You know that person who is always asking friends or family to help him pay his bills? You know the type, the guy who never seems to have his wallet, and always seems to forget to forget to pay you back?
Coal companies like Bumi Resources in Indonesia are just like this guy, except they run to the banks, and the customers of these banks are footing the bill.
There’s mounting evidence that Bumi Resources is a black hole for investor’s money.
The latest evidence is that the credit rating agency Standard & Poor has downgraded their credit rating to selective default from default imminent with little prospect for recovery. This downgrading is a strong signal of how risky it is to invest in coal companies like Bumi Resources.
The downgrading is also evidence that the efforts of Greenpeace and allies to warn regulators and investors of the risk of investing in Bumi Resources and other similar investments into unsustainable fossil fuels like coal are having an effect.
The evidence about Bumi’s money problems has been building for some time. Now, it is Indonesia’s most indebted coal company with $1 billion in obligations within the coming 18 months, making it the weakest of four coal mining companies in Indonesia, according to Moody’s Investors Service.
Yet bondholders and banks continue to prop up Bumi Resources by extending their bonds and entering into loan agreements that allow Bumi Resources to get away with non-repayment! For example, the Chinese Investment Corporation (CIC) (China’s sovereign wealth fund) loaned Bumi Resources $1.9 billion US in 2009.
Bumi Resources cannot pay back the loan, so now CIC is going to enter into a debt-to-equity swap with the company, so it doesn’t have to pay back the $1.9 billion.
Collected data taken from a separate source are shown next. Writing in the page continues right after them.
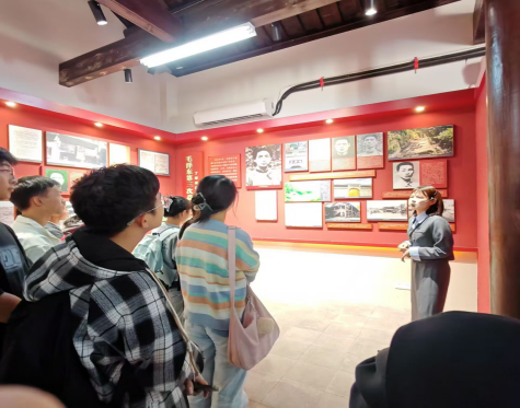 在学院党委的组织下,来自不同专业的50余名新生代表学生党支部书记周文萍的引导下,前往金家堤党支部纪念馆。在踏入纪念馆的那一刻,同学们即被墙上镶嵌的革命历史图片和英雄事迹所吸引。纪念馆的讲解员以生动的语言,详细介绍了金家堤党支部的成立背景和在革命斗争中的重要作用,以及一代又一代革命者为国家和民族的解放事业不懈奋斗的动人故事。讲解过程中,学生们认真倾听,频频点头,深刻体会到历史的厚重感。
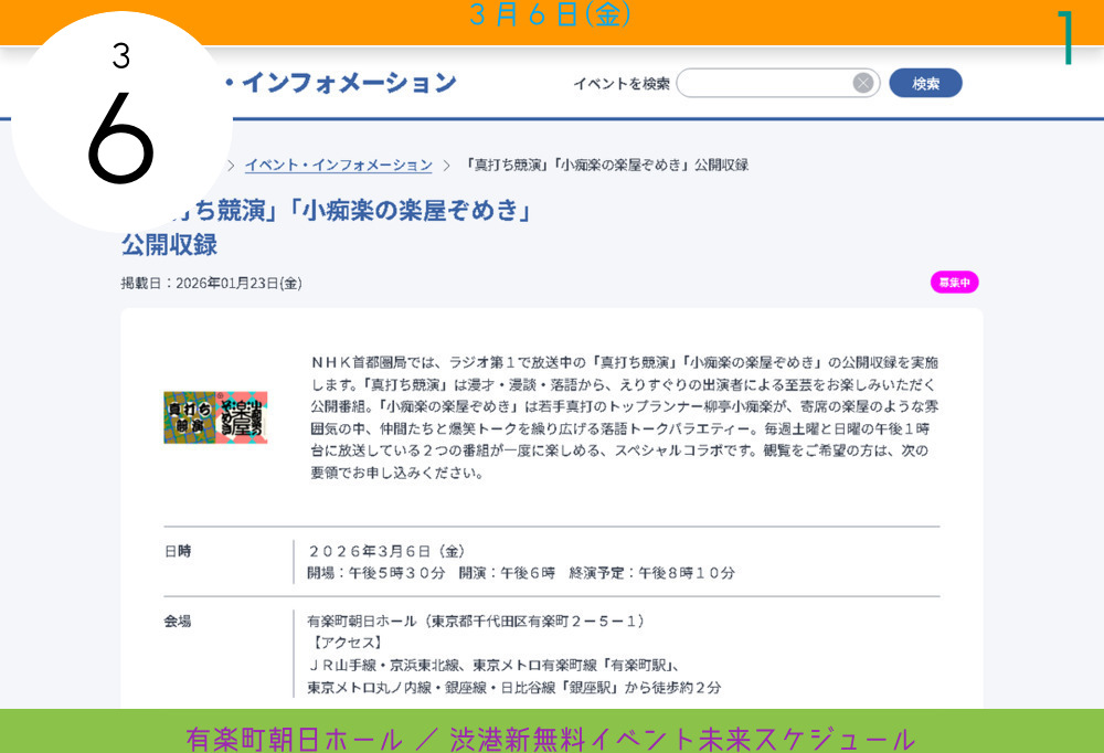 | 2 | 渋港新無料イベント未来スケジュール | 64 |
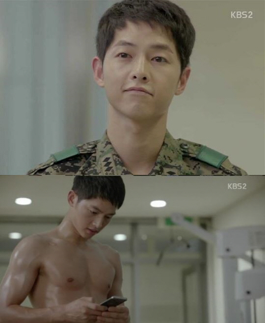 송중기는 특전사 대위 유시진 캐릭터를 기가 막히게 풀어냈다. 유시진은 육군 원사로 명예 전역한 아버지의 만류에도 자신의 가치관을 관철하고자 육사 행을 택한 만능남이다. 덕분에 자신의 신념과 상식, 군인의 명예로 똘똘 뭉쳐있다. 어떻게보면 고지식하고 답답해 보일 수 있는 설정. 그러나 송중기는 달라도 달랐다. 명령에 죽고 사는 군인의 운명을 적진 한가운데에서도 주먹을 쥐는 패기 가득한 용장의 모습으로 그려냈다. 상의를 탈의한채 조각 근육을 뽐내며 쏟아내는 화려한 액션신에 여심은 녹았다. 고지식한 군대 마인드는 한 여자를 향한 고지식한 사랑법으로 돌려 풀어냈다. 첫 눈에 호감을 느낀 강모연에게 돌직구로 대시하는 모습은 '상남자' 그 자체였다. 다소 무뚝뚝하고 잔재미도 없지만 돌리는 법 없이 직진을 외치는 핵직구 대시법, 다소 오그라드는 대사조차 송중기였기에 섹시하게 다가왔다.
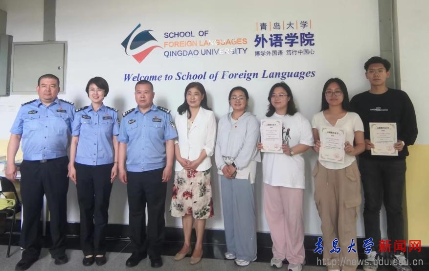 新闻网讯 6月13日,青岛市公安局崂山分局麦岛派出所所长刘海龙、指导员张娟一行3人来到外语学院,为“外事帮”“译象”团队中的优秀学生志愿者颁发证书,表彰他们在辖区社会治安志愿服务中的突出表现。外语学院党委副书记王海青、研究生辅导员米娟以及部分学生志愿者代表和民警们一起就警、校共建方面座谈交流。
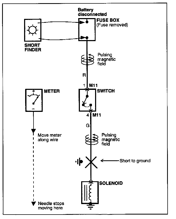 A short finder is available to locate a short to ground. The short finder creates a pulsing magnetic field in the shorted circuit and shows you the location of the short through body trim or sheet metal.
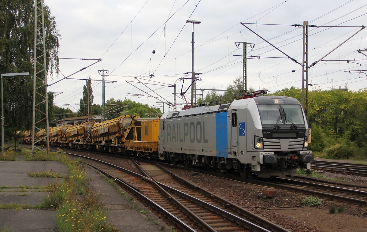 Nachschuss auf den Bauzug, der von 193 801-8 gezogen wurde. Am Zugschluss hing noch V100-SP-006 (203 006-6) Aufgenommen am 21.09.2013 in Lehrte. Jens Baumhauer
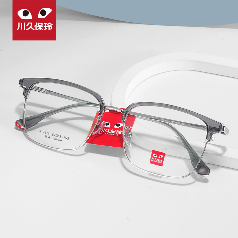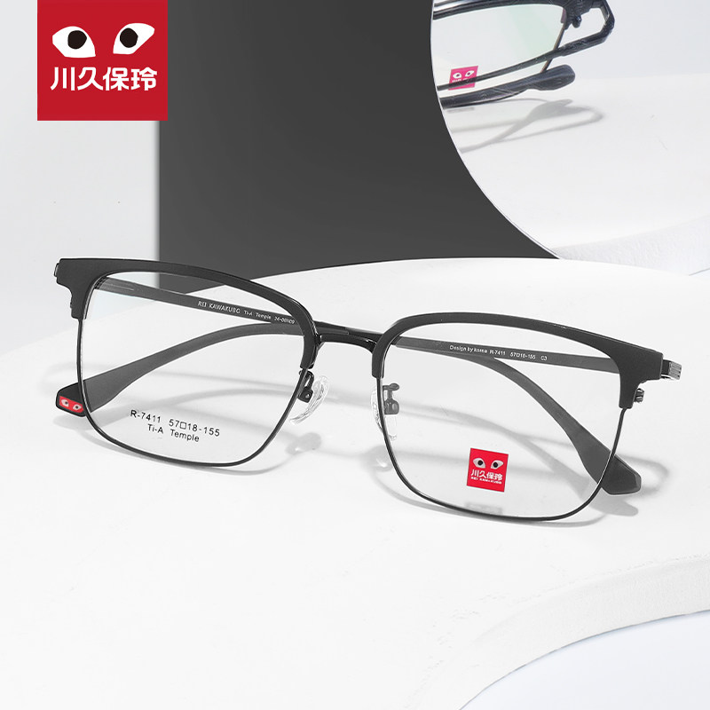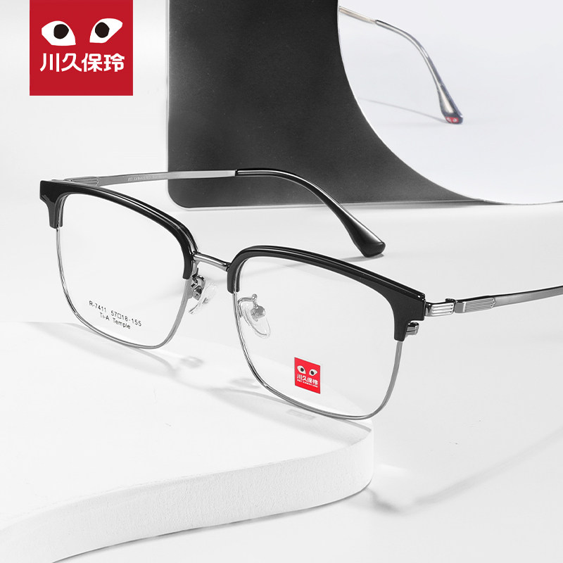 半框商务休闲可配近视眼睛大脸7411 川久保玲超轻眉毛钛架眼镜男款由
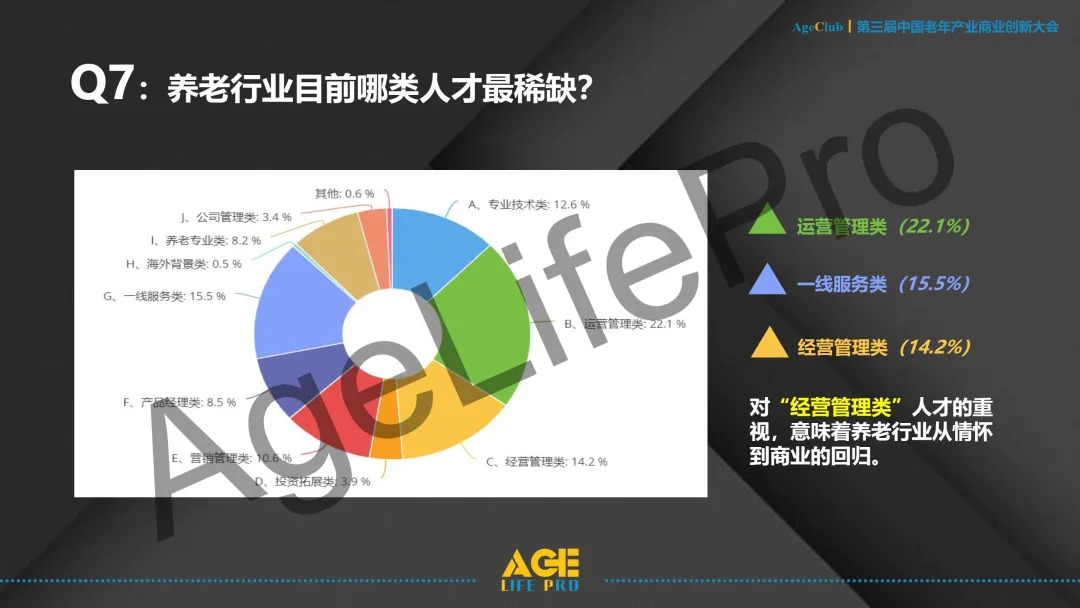 人才,是全世界养老产业的共性痛点,从业者普遍认为:运营管理类(占比22.1%)、一线服务类(占比15.5%)、经营管理类(占比14.2%)是最稀缺的3类人才。
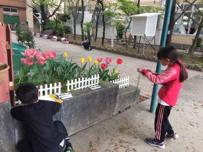 学校内の春を見つけに行きました。
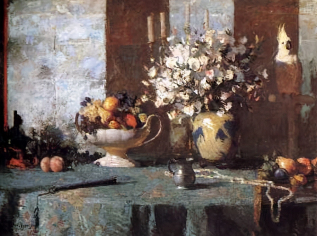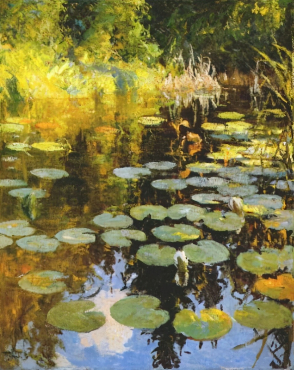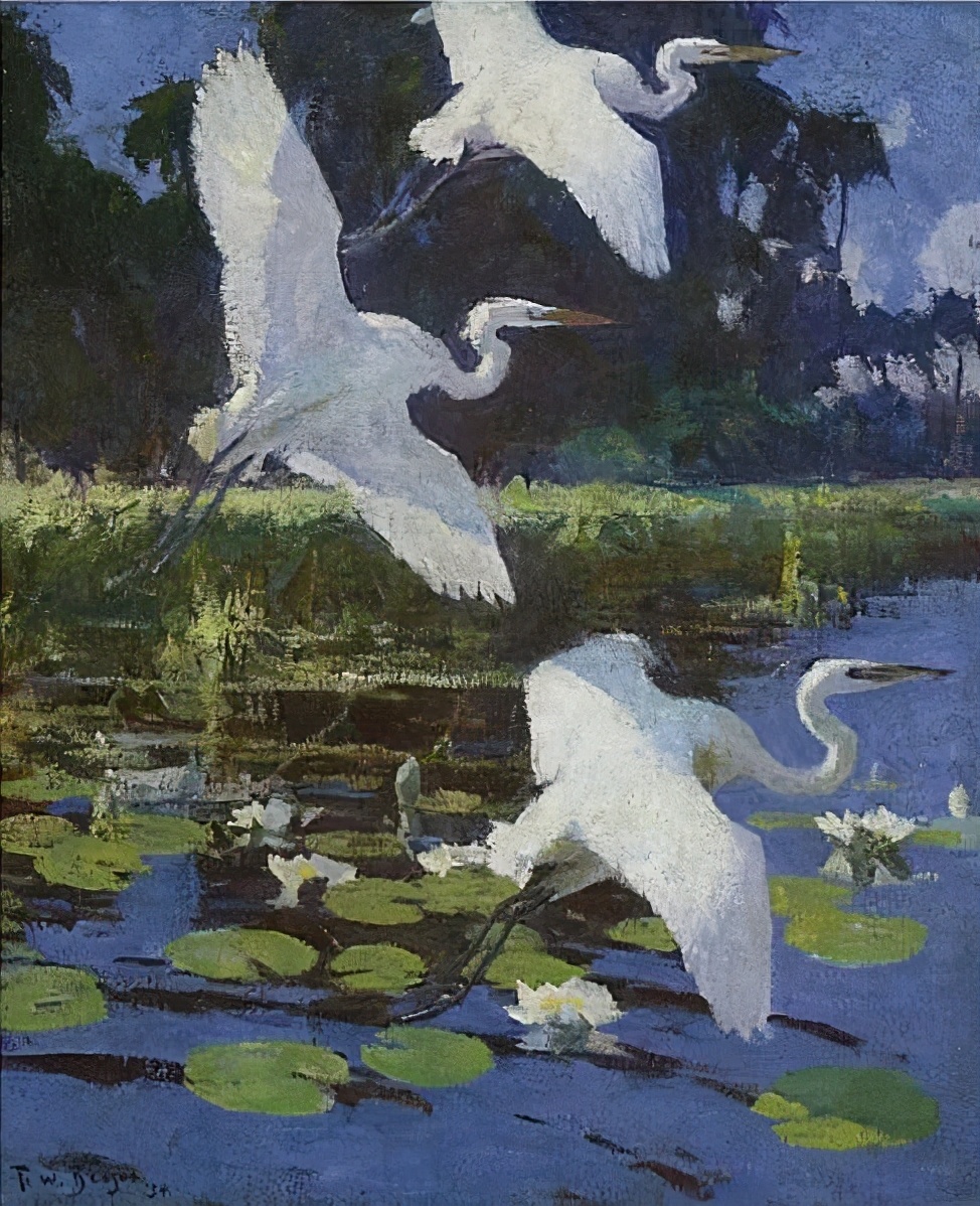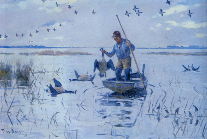 弗兰克·韦斯顿·本森曾立志作动物画家,所以他的人物还有点平庸,而与动物有关的作品,却有点诗意的,比如他的大雁系列的作品,就是一种类似中国绘画诗意充满的作品的情形,他的一幅月光下的海浪的作品,富于节奏感,诗境优雅,很有动人的情调。情调一词用在他的作品中,也是毫无违和感,因为印象派是向往东方的,但仅仅是描绘着东方服的洋妹子,那个层次尚浅,只有诗意,才是王道。
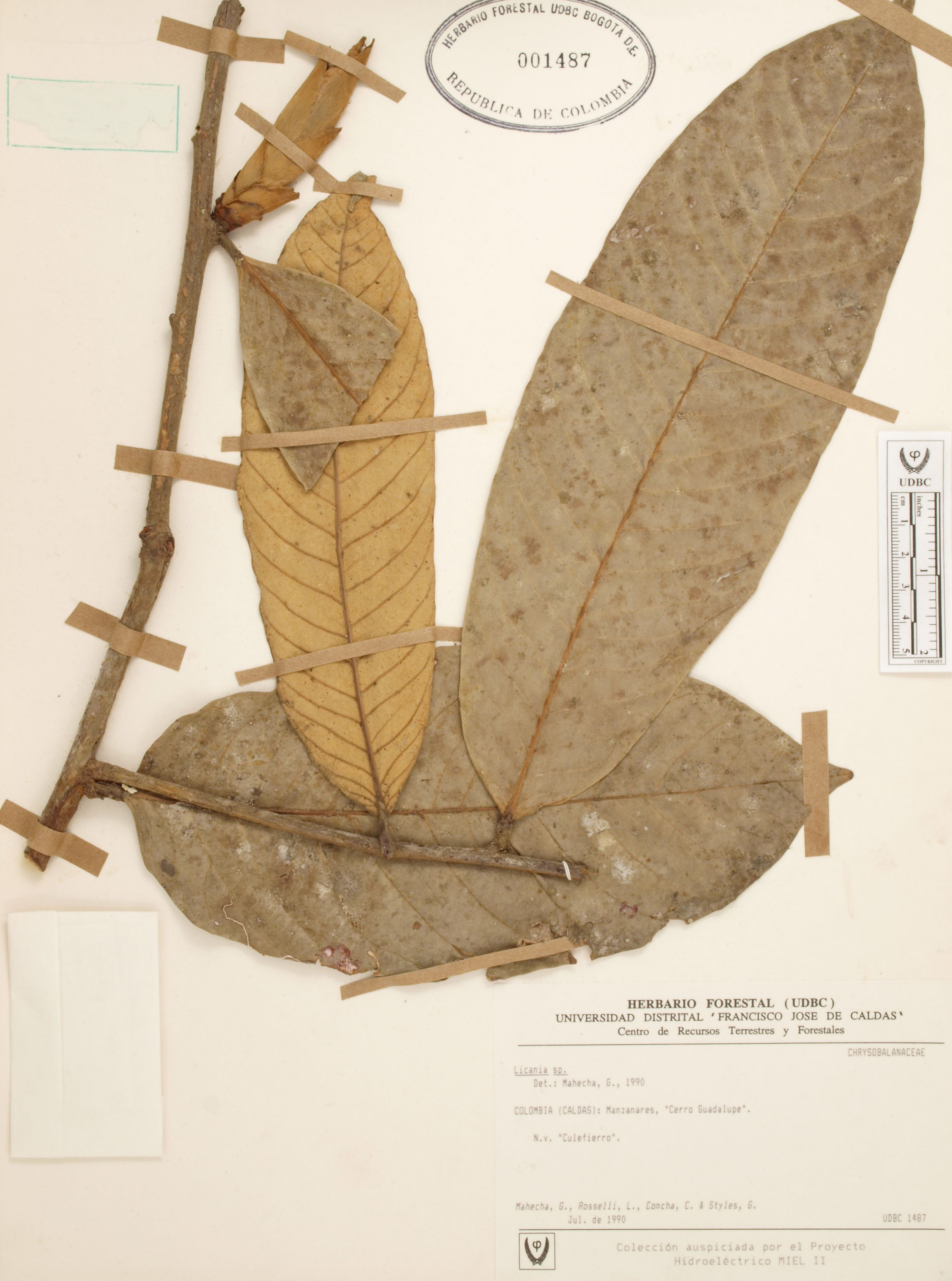 Fotografía del ejemplar Mahecha, G., determinado como Licania sp. en el año 1990
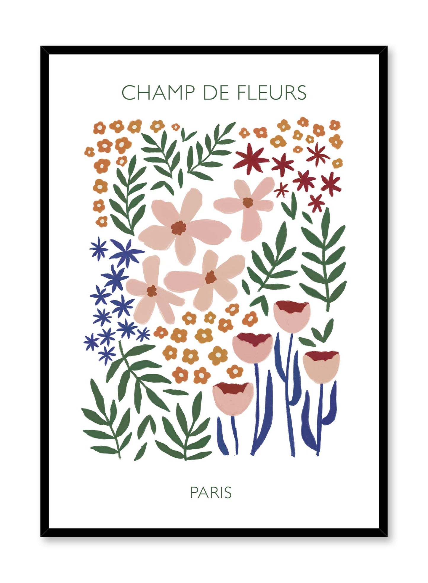 Parisian aesthetic with a floral twist? It’s a ‘oui’ for us! Deck your walls with this multicolored floral art print featuring pink tulips, orange flowers and other pretty blue and green botanical elements over a white background. This poster includes a typography of the words ‘champ de fleur’ which means ‘field of flowers’ in French.

This effectively further increases the risk of CIC’s investments, trapping their capital on a stranded asset. It is such a bad investment that the National Audit Office of China’s central government has even come out and criticized CIC for its loss-making investments and lack of due diligence.
Similarly Bumi Resources currently has bonds due to the order of $375 million US, and because they can’t pay their bondholders back, banks such as HSBC, Deutsche Bank and Credit Suisse are currently extending their bonds once again.
Greenpeace and our allies have been trying to communicate to investors that they should stop rescuing companies like Bumi Resources. We have challenged Bumi’ attempts at debt-restructuring by questioning its procedural adequacy with the Indonesian Securities Exchange. We’ve asked the Exchange to review Bumi Resources’ capital raising attempts and its lack of full and frank disclosure for the environmental and financial risks involved in funding the company.
At the same time, we have been appealing to international investors and bondholders and communicating the environmental, financial risks in helping Bumi Resources.
Funding coal companies like Bumi has huge environmental consequences.
The production of coal causes environmental pollution. Land and water resources are destroyed.
Bumi Resources is a big player in this destruction since it is one of the largest coal mining companies in Indonesia. Bumi Resources is currently the most significant coal producer in Indonesia. Production in 2012 was 74 million tonnes.
It owns the Kaltim Prima Coal project in East Kalimantan that produces around 50 million tonnes a year as well as the Fajar Bumi Sakti project near Samarinda, the Pendopo project in Sumatra, the Berau Coal project and the Arutmin project in South Kalimantan.
Satellite imagery and on-the-ground reporting have linked Bumi Resources to human rights abuses and massive contamination of river systems.
Bumi’s operations have had catastrophic impacts on local communities that depend on clean water for their livelihood, food, and cultural gatherings. These are just the local effects. When coal is exported and burnt, it worsens the rate of climate change that is already affecting our planet and causing human misery. Burning more coal will lead to more extreme weather events and more Arctic warming.
Marina Lou is a Greenpeace International Legal Advisor specializing in financial markets regulation.